MIN. PERFORMANCE FEE: $105 per performance.
THE STORY: As the play begins a young man, Himmer, is trying to console his father on the death of his long-estranged wife (and Himmer’s mother) whom neither has seen for many years, but the older man, Jacob, is apparently more interested in his model trains. Himmer then conceives the idea of honoring his mother’s memory by staging a verse play, The Ruins of Athens, which she had written in her youth, but, in the meantime, his friend Samantha, a compulsive lover of married men, arrives to inform him that both she and he have tested seropositive for HIV test—which means that both are harboring the HIV virus, if not actually stricken with the disease.
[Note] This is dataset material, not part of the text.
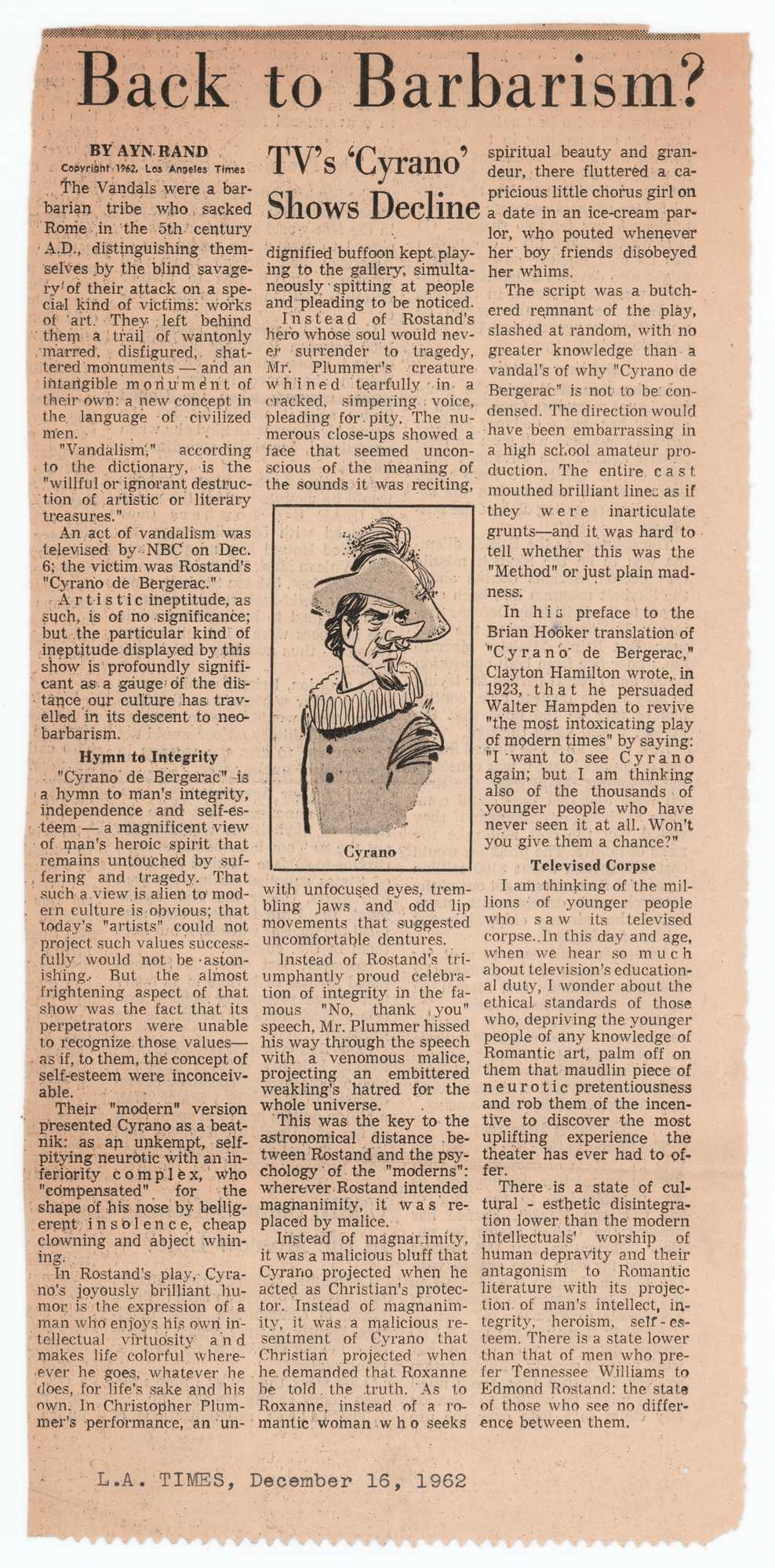 Accompanied by the referenced clipped column, which contains Rand’s scathing article entitled ‘Back to Barbarism? TV’s ‘Cyrano’ Shows Decline, which reads, in part: ‘The script was a butchered remnant of the play, slashed at random, with no greater knowledge than a vandal's of why ‘Cyrano de Bergerac’ is not to be condensed. The direction would have been embarrassing in a high school amateur production. The entire cast mouthed brilliant lines as if they were inarticulate grunts and it was hard to tell whether this was the ‘Method’ or just plain madness.’

To Himmer, once married but now a declared homosexual, this constitutes yet another instance of the futility, the purposelessness, the random cruelty of modern life, but he forges ahead nevertheless, abetted by his friend Prentice (who is recovering from the breakup of a long-standing gay relationship); an actor, Patrick (who is suicidally despairing about the status of his career); and Debbie (an eccentric young heiress with a penchant for older men who is smitten by Himmer’s poet-father). Eventually Himmer and the others do indeed perform the play, albeit at an AIDS research center to which they have retreated and where, with a customary mixture of angst and dismay, Himmer decides to substitute real poison for the hemlock called for in the final scene of his mother’s epic—thereby providing, for those who wish it, an easy means of exit from a world that seems to make little sense in the first place.
An antic and theatrically fanciful examination of modern mores, and a troubled society which, as stated by The Village Voice, “…has structured itself to lose touch with its own reality and replace values with appearances."

“…I am partial to the author’s loony treatment of serious themes.” —New York Daily News.

“…verbal fireworks…” —New York Post.